After further detailed discussions with Professor Fiona Sim, a public health consultant, Alex and I contacted Simcha and arranged funding to have the cabs fitted with screens to separate drivers and passengers. There are now more than 100 cabs with screens and PPE, serving patients who need transport to hospital or a GP in London. If patients are unable to afford the fare, CCR covers the cost. To this day, I’m still receiving positive messages from GP colleagues whose patients have used the cab service.

This evening, I work a GP out-of-hours shift, where a consultation gives me my next idea: a pulse oximeter loan service.

Tuesday

I start to look at the challenge of Covid-19 testing in workplaces. Silent spreaders, individuals who are asymptomatic but have active infection, need to be identified to reduce the chances of a workplace-based outbreak of virus.

I’m put in contact with the Lord Mayor of the City of London, who backs the plan for work-based testing, and days later we are testing asymptomatic staff at Legal & General in the City of London. The Lord Mayor and the CEO of Legal & General both attend for testing. The initiative makes the ITV national news.

This work will lead to a collaboration on a Covid-19 testing programme with a homeless charity to reduce the chances of an outbreak at homeless shelters.

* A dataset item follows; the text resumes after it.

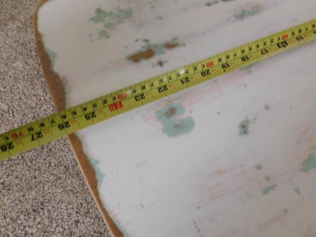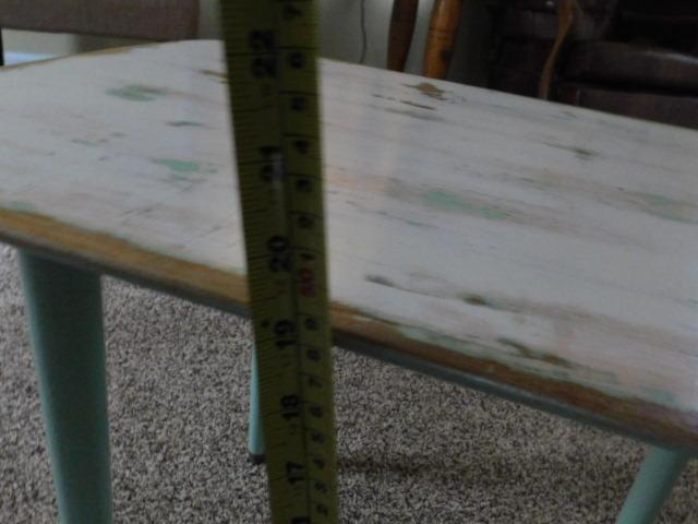 Vintage Solid Wood Chalkware Finish Side Table 26"x17"x19" has good weight. Very appealing to look at.
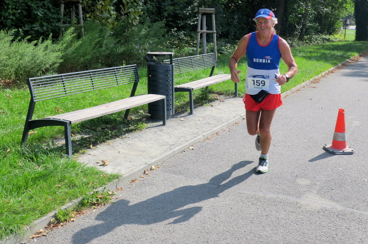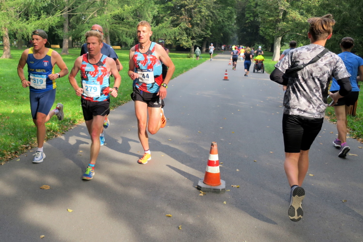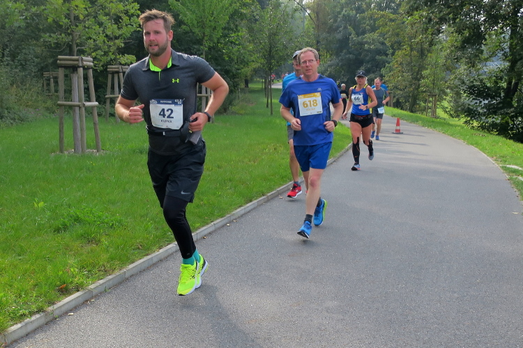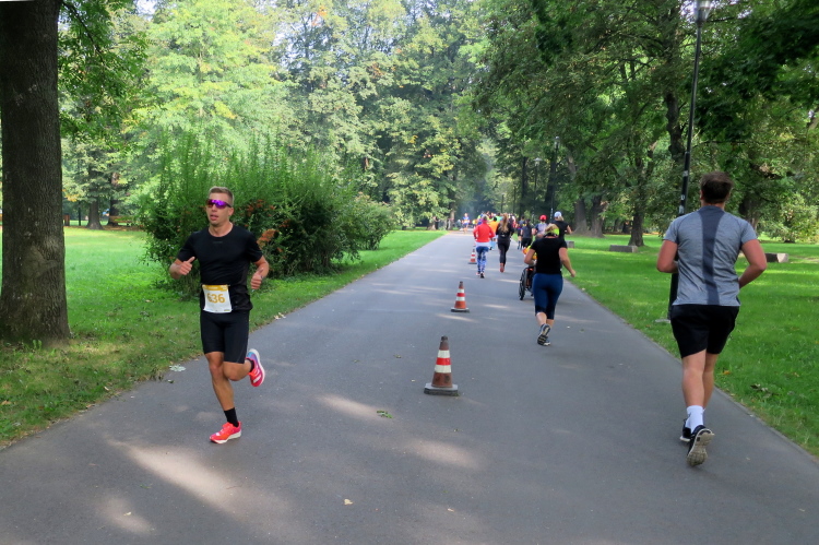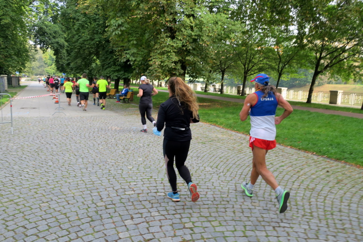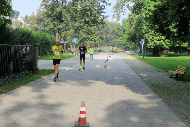 Es geht zügig einen halben Kilometer in nordöstlicher Richtung durch die Stadt, später dann nach Osten in Richtung Fluss. Es folgt ein ca. 3 km andauernder Rennverlauf mit Begegnungszonen im Komenského Park mit vielen Schatten spendenden Bäumen. Schon auf der Hälfte der Strecke hier im Park kommen uns die Schnellen entgegen, darunter auch Drago. Für mich ideal, einige Schnappschüsse zu machen.

The pandemic has been the worst of times, and yet it’s brought out the best in many. Three new services – the Covid Cab Service, Urgent Oximeter Response, and Silent Spreaders testing – were devised, launched and fully operational in the space of about four weeks, achieved with the support of too many people to list individually. If I’ve learned anything it’s the following: dream it, do it. Follow through on the ideas you have.

Wednesday

I turn my attention to the issue of pulse oximeters. We have already been donating these through CCR to a range of NHS and allied services, including GP out-of-hours services, hospices, homeless shelters, and over 30 care homes in London. But my out-of-hours consultation on Monday made me realise we need an oxygen saturation probe loan service to supply any patient with suspected or confirmed Covid-19 in London in and out of hours.

Today I’m doing safeguarding work. Once I finish, I look at some messages CCR has received. One is from a Vikki Van Someren, who heads the Bike Shed Community. She’s offering to help with the delivery of PPE. She has a team of volunteer bikers all over the country.

I call her and explain my plan for a London-wide pulse oximeter service 24/7, and she assures me she’s in.

Friday

A few short days after first having the idea, Urgent Oximeter Response is now a reality thanks to amazing colleagues. Any patient deemed to need an oxygen saturation probe for ongoing monitoring receives one delivered by a volunteer within 90 minutes, anywhere in London. Once my shift is over, I step out into my unkempt back garden and hear the sound of ambulance sirens – a reminder, as if one was needed, of the havoc Covid-19 is wreaking.